BrickletRGBLEDMatrix.BOOTLOADER_MODE_BOOTLOADER = 0
BrickletRGBLEDMatrix.BOOTLOADER_MODE_FIRMWARE = 1
BrickletRGBLEDMatrix.BOOTLOADER_MODE_BOOTLOADER_WAIT_FOR_REBOOT = 2
BrickletRGBLEDMatrix.BOOTLOADER_MODE_FIRMWARE_WAIT_FOR_REBOOT = 3
BrickletRGBLEDMatrix.BOOTLOADER_MODE_FIRMWARE_WAIT_FOR_ERASE_AND_REBOOT = 4

void BrickletRGBLEDMatrix.setWriteFirmwarePointer(long pointer)¶

Parameters:	pointer – Type: long, Unit: 1 B, Range: [0 to 2³² - 1]

Sets the firmware pointer for writeFirmware(). The pointer has to be increased by chunks of size 64. The data is written to flash every 4 chunks (which equals to one page of size 256).

This function is used by Brick Viewer during flashing. It should not be necessary to call it in a normal user program.

int BrickletRGBLEDMatrix.writeFirmware(int[] data)¶

Parameters:	data – Type: int[], Length: 64, Range: [0 to 255]
Returns:	status – Type: int, Range: [0 to 255]

Writes 64 Bytes of firmware at the position as written by setWriteFirmwarePointer() before. The firmware is written to flash every 4 chunks.

You can only write firmware in bootloader mode.

This function is used by Brick Viewer during flashing. It should not be necessary to call it in a normal user program.

void BrickletRGBLEDMatrix.writeUID(long uid)¶

Parameters:	uid – Type: long, Range: [0 to 2³² - 1]

Writes a new UID into flash. If you want to set a new UID you have to decode the Base58 encoded UID string into an integer first.

We recommend that you use Brick Viewer to change the UID.

long BrickletRGBLEDMatrix.readUID()¶

Returns:	uid – Type: long, Range: [0 to 2³² - 1]

Returns the current UID as an integer. Encode as Base58 to get the usual string version.

Constants¶

int BrickletRGBLEDMatrix.DEVICE_IDENTIFIER¶

This constant is used to identify a RGB LED Matrix Bricklet.
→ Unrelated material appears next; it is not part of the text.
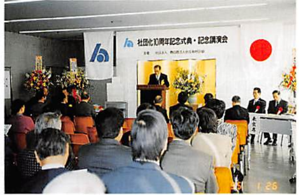
地区会10周年記念式典

The getIdentity() function and the IPConnection.EnumerateListener listener of the IP Connection have a deviceIdentifier parameter to specify the Brick's or Bricklet's type.

String BrickletRGBLEDMatrix.DEVICE_DISPLAY_NAME¶: This constant represents the human readable name of a RGB LED Matrix Bricklet.